The Nuclear Regulatory Commission is still reviewing Centrus Energy Corp.’s plans to ship radioactive waste from the canceled American Centrifuge plant in Piketon, Ohio, to the Energy Department’s Nevada National Security Site, throwing a wrench into the company’s plan to start moving waste by the end of March.
Centrus has also managed to lop a year off the timeline for decontaminating and decommissioning that industrial-scale uranium enrichment demonstration, a senior company executive indicated during the company’s latest earnings call with investors.
Centrus filed its waste transportation plan with the NRC in December and has modified the plan twice since, in January and February, according to a Feb. 24 regulatory filing posted online Tuesday by the regulator.

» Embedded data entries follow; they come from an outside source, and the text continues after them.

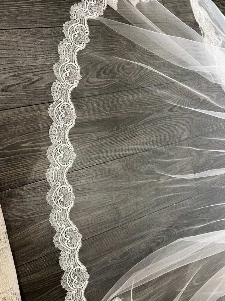 Order a small sample of this trim to view its beauty in person before ordering your veil by clicking above.
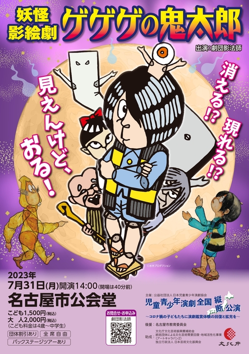 株式会社劇団影法師 妖怪影絵劇『ゲゲゲの鬼太郎』【名古屋公演】が2023年7月31日 (月)に名古屋市公会堂 大ホール(愛知県名古屋市昭和区鶴舞1-1-3)にて上演されます。
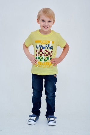 Футболка для мальчика прямого силуэта из кулирки. Сшита из высококачественного 100% хлопка, что позволит коже дышать при занятии спортом, в школе, на физкультуре и во время прогулки. Очень мягкая и удобная. Дышащий материал и свободный крой ежедневно дадут вашему ребенку ощущение комфорта. Наша футболка для мальчика - это отличный подарок мальчику на 23 февраля, День рождения, Новый год. На полочке яркий принт, который поднимет настроение детям. Горловина обработана воротником из основного полотна. Рукав втачной, короткий.
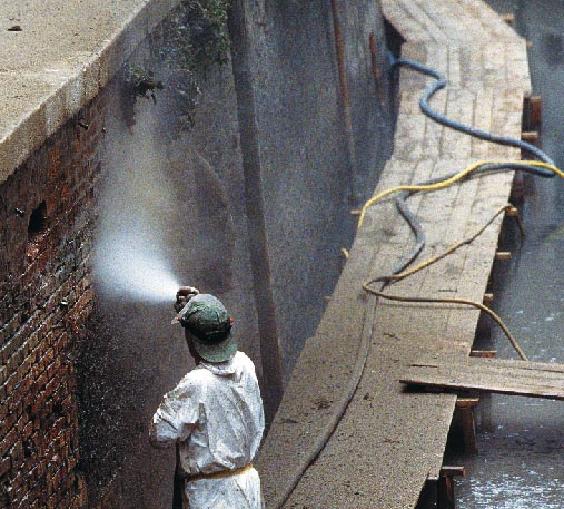 A masonry wall structure that supports the fondamenta along the canal, resting on wood pilings.
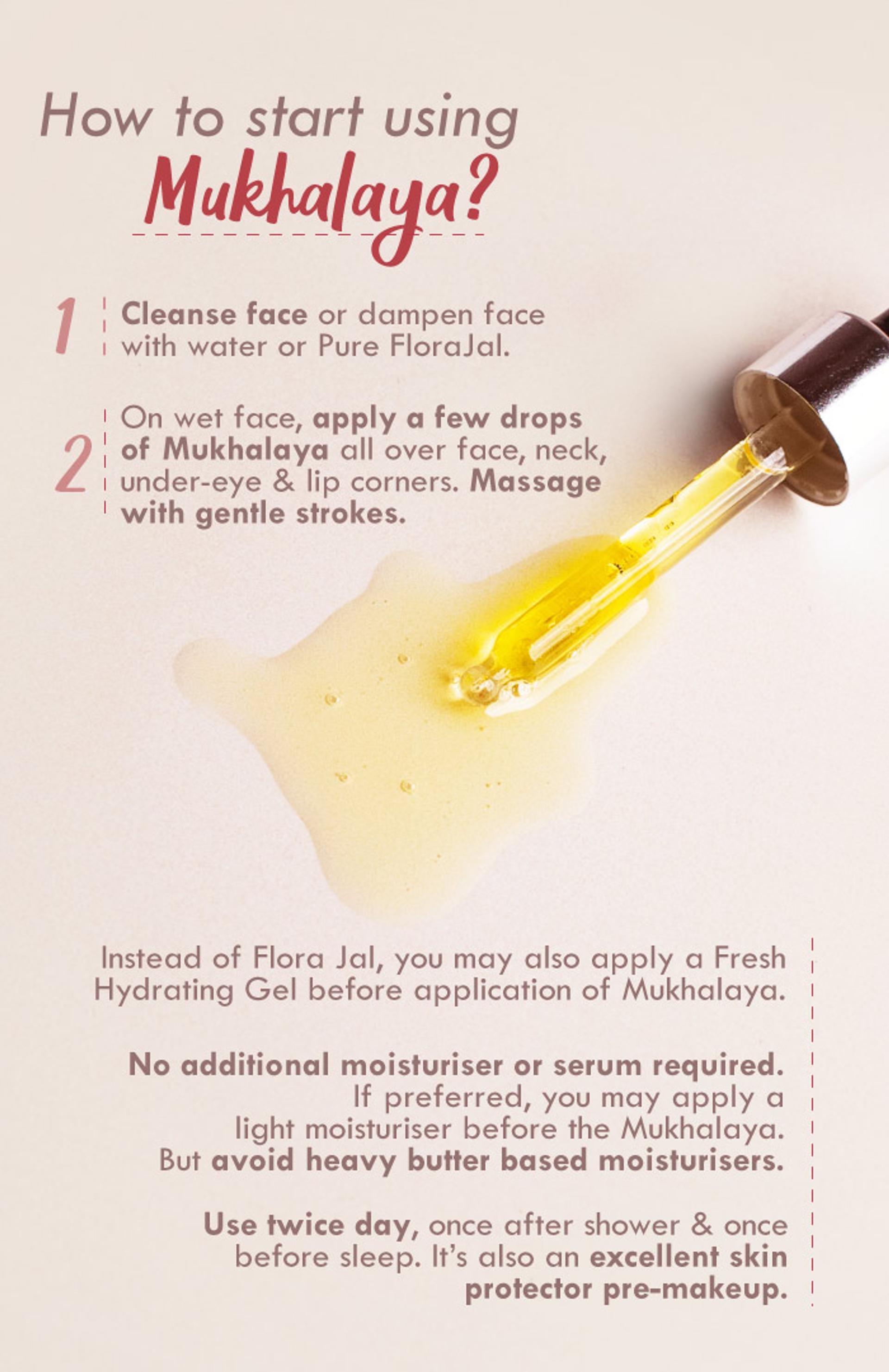 No additional moisturiser or serum required. If preferred, you may apply a light moisturiser before the Mukhalaya. But avoid heavy butter based moisturisers.
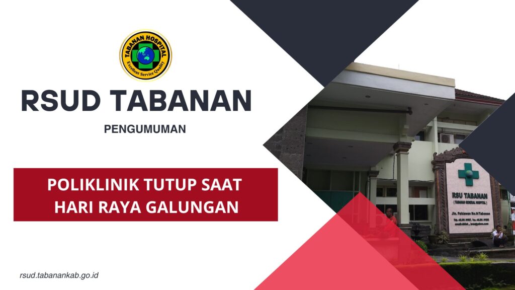Sehubungan dengan Libur Hari Raya Galungan, kami menginformasikan kepada pengunjung RSUD Tabanan bahwa Pelayanan POLIKLINIK RSUD Tabanan pada Selasa, 22 April 2025 sampai dengan Kamis, 24 April 2025 TUTUP.
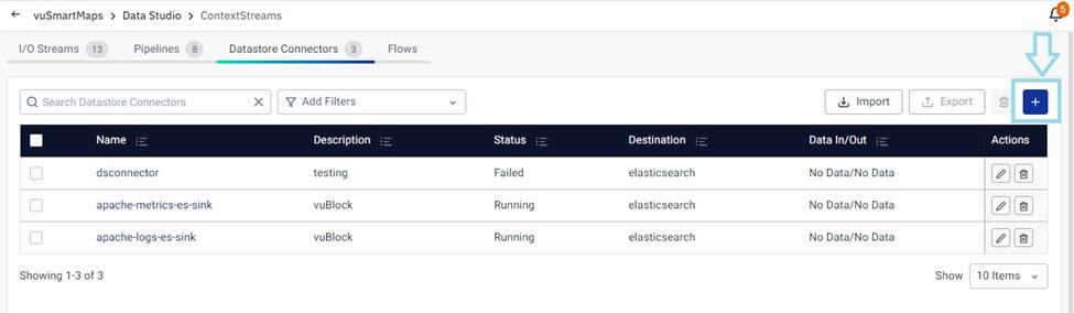 - On the ContextStreams UI page, navigate to the DataStore Connector tab. And click on the + button to initiate the creation of a DataStore Connector.

In the latest filing, Centrus said it would ship waste from the now-shuttered American Centrifuge lead cascade facility in Piketon “[u]pon NRC approval of the Transportation Security Plan and permanent burial site,” and that shipments could begin by March. However, an NRC spokesperson on Tuesday said “we have not yet completed our review.”

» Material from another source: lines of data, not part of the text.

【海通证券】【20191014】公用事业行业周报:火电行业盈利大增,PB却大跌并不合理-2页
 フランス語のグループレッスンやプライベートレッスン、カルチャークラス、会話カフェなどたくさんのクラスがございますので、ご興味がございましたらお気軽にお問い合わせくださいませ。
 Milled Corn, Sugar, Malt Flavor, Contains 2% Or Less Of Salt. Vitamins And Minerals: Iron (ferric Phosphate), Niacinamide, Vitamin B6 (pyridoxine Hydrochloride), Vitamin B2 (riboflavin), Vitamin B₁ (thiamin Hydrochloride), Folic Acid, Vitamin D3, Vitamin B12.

A Centrus spokesperson did not reply to requests for comment this week. The company has declined to describe the waste generated by the project because at least some of the material is classified or export-controlled.
In its Feb. 24 regulatory filing, Centrus said the waste headed to Nevada qualifies as “both Low Specific Activity material and Surface Contaminated Objects,” and that the company “believes that the planned shipments meet all applicable NRC and DOT [Department of Transportation] regulatory requirements.”

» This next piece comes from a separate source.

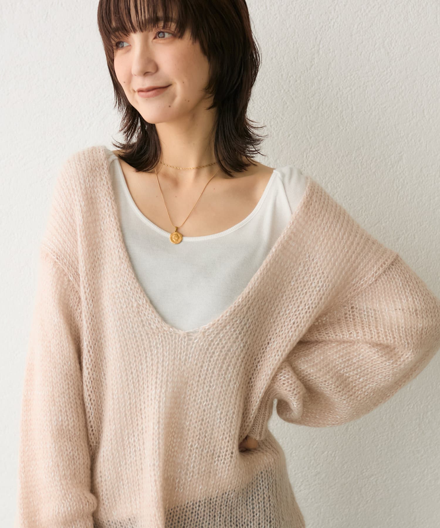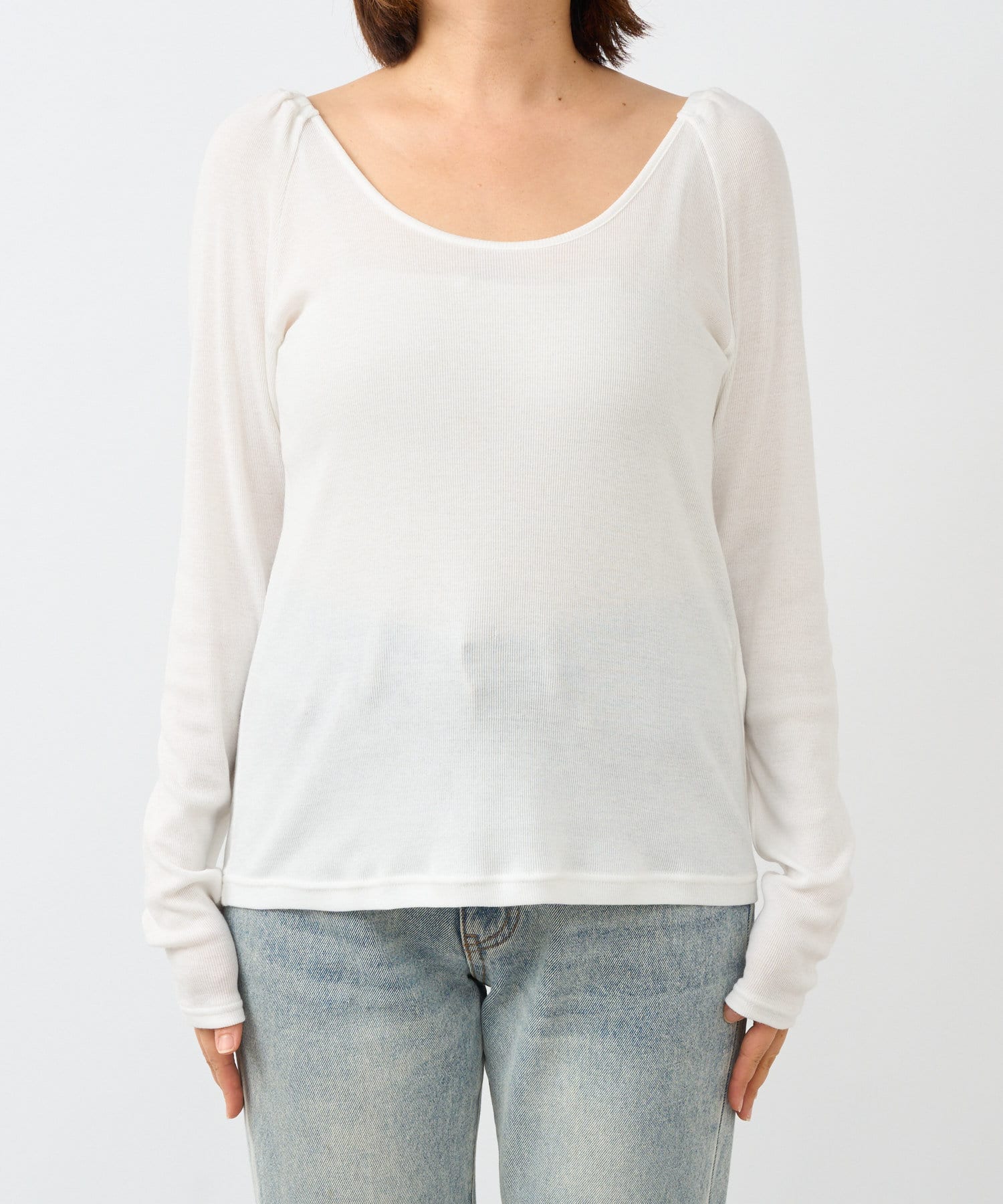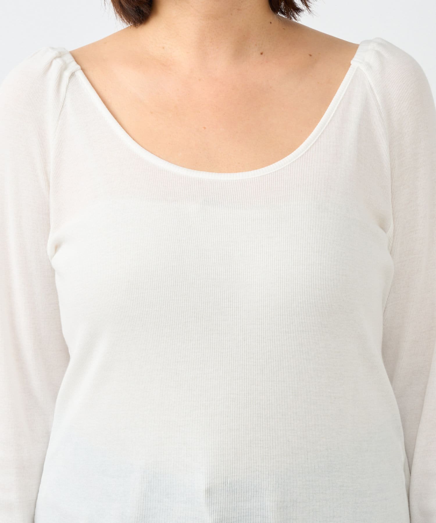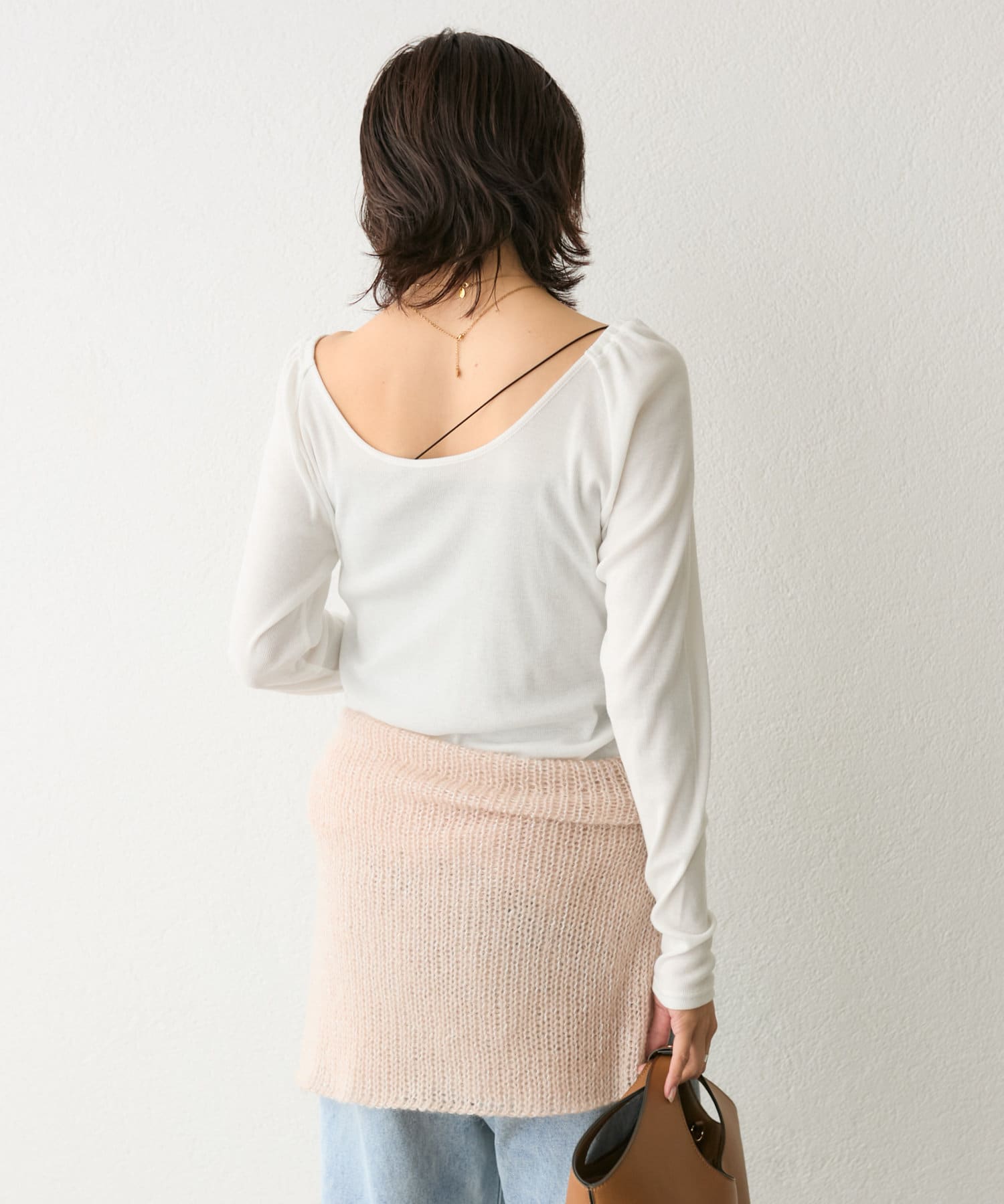肩の部分にゴムを入れており、オフショルダーにしても安定感があるので、肩を出すようなニットのインナーとしてもお使いいただけます。

The American Centrifuge plant at Piketon was an industrial-scale demonstration for next-generation uranium enrichment technology. The Energy Department shut the demo down in 2015; Centrus, the former United States Enrichment Corp., then began decontamination and decommissioning last year. A smaller-scale American Centrifuge technology demonstration continues under contract to UT-Battelle, operator of DOE’s Oak Ridge National Laboratory in Tennessee.
That work will continue through Sept. 30, under a roughly $25 million contract awarded to Centrus last year.
This week, Centrus reported it had lost $67.0 million, or $7.36 per share, in 2016, compared with a net loss of $187.4 million, or $20.82 per share, in 2015. The 2015 results included a $137.2 million charge related to the company’s bankruptcy reorganization in 2014.
In its latest earnings press release, Centrus estimated it will cost about $40 million to complete American Centrifuge decontamination and decommissioning. It will cost another $40 million or so to maintain the Piketon building that once housed the demo, and to keep the company’s NRC license to enrich uranium there live through 2019: the date Centrus’ lease with DOE on the Ohio facility expires.
During the company’s latest quarterly earnings call, Centrus Chief Financial Officer Stephen Greene said American Centrifuge decontamination and decommissioning will actually take about a year less than expected only months ago to complete. Greene told investor analysts the work in Piketon would last through 2017. In its third-quarter earnings release late last year, Centrus said this work would stretch through 2018.